Каждый бывший в деле, верно, испытывал то странное, хотя и не логическое, но сильное чувство отвращения от того места, на котором был убит или ранен кто-нибудь. Этому чувству заметно поддались в первую минуту мои солдаты, когда нужно было поднять Веленчука и перенести его на подъехавшую повозку. Жданов сердито подошел к раненому, несмотря на усилившийся крик его, взял под мышки и поднял его. "Что стали? берись!" крикнул он, и тотчас же раненого окружили человек десять, даже ненужных, помощников. Но едва сдвинули его с места, как Веленчук начал кричать ужасно и рваться. - Что кричишь, как заяц! - сказал Антонов грубо, удерживая его за ногу: - а нето бросим. И раненый затих действительно, только изредка приговаривая: "ох, смерть моя! о-ох, братцы мои!" Когда же его положили на повозку, он даже перестал охать, и я слышал, что он что-то говорил с товарищами - должно быть, прощался - тихим, но внятным голосом. В деле никто не любит смотреть на раненого, и я, инстинктивно торопясь удалиться от этого зрелища, приказал скорей везти его на перевязочный пункт и отошел к орудиям; но через несколько минут мне сказали, что Веленчук зовет меня, и я подошел к повозке. На дне ее, ухватясь обеими руками за края, лежал раненый. Здоровое, широкое лицо его в несколько секунд совершенно изменилось: он как будто похудел и постарел несколькими годами, губы его были тонки, бледны и сжаты с видимым напряжением; торопливое и тупое выражение его взгляда заменил какой-то ясный, спокойный блеск, и на окровавленных лбу и носу уже лежали черты смерти. Несмотря на то, что малейшее движение причиняло ему нестерпимые страдания, он просил снять с левой ноги чересок

IX.

- Ты куда? Bернись! Куда ты идешь? - закричал я рекрутику, который, положив под мышку свой запасный пальник, с какой-то палочкой в руках прехладнокровно отправлялся за повозкой, повезшей раненого. Но рекрутик только лениво оглянулся на меня, пробормотал что-то и пошел дальше, так что я должен был послать солдат, чтобы привести его.

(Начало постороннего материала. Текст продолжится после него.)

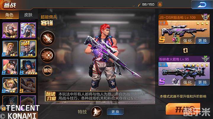 搭配方面,主武器选择连狙类武器,副武器选择火箭炮类武器。这两类武器的杀伤范围极广,主武器负责持续输出,副武器负责短时间爆发,相互配合可以使英雄在大部分敌人攻击范围之外进行输出。特技选择急速,前期可以帮助英雄加速拿到资源,中后期团战中也能配合“电能冲刺”脱离战场。

Он снял свою красную шапочку и, глупо улыбаясь, глядел на меня. - Куда ты шел? - спросил я. - В лагерь. - Зачем? - А как же - Веленчука-то ранили, - сказал он, опять улыбаясь. - Так тебе-то что? ты должен здесь оставаться. Он с удивлением посмотрел на меня, потом хладнокровно повернулся, надел шапку и пошел к своему месту. Дело вообще было счастливо: казаки, слышно было, сделали славную атаку и взяли три татарских тела; пехота запаслась дровами и потеряла всего человек шесть ранеными; в артиллерии выбыли из строй всего один Веленчук и две лошади. Зато вырубили леса версты на три и очистили место так, что его узнать нельзя было: вместо прежде видневшейся сплошной опушки леса открывалась огромная поляна, покрытая дымящимися кострами и двигавшимися к лагерю кавалерией и пехотой. Несмотря на то, что неприятель не переставал преследовать нас артиллерийским и ружейным огнем до самой речки с кладбищем, которую мы переходили утром, отступление сделано было счастливо. Уже я начинал мечтать о щах и бараньем боке о кашей, ожидавших меня в лагере, когда пришло известие, что генерал приказал построить на речке редут и оставить в нем до завтра 3-й батальон К. полка и взвод 4-х-батарейной. Повозки и дровами и ранеными, казаки, артиллерия, пехота с ружьями и дровами на плечах, - все с шумом и песнями прошли мимо нас. На всех лицах видны были одушевление и удовольствие, внушенные минувшей опасностью и надеждой на отдых. Только мы с 3-м батальоном должны были ожидать этих приятных чувств еще до завтра.

X.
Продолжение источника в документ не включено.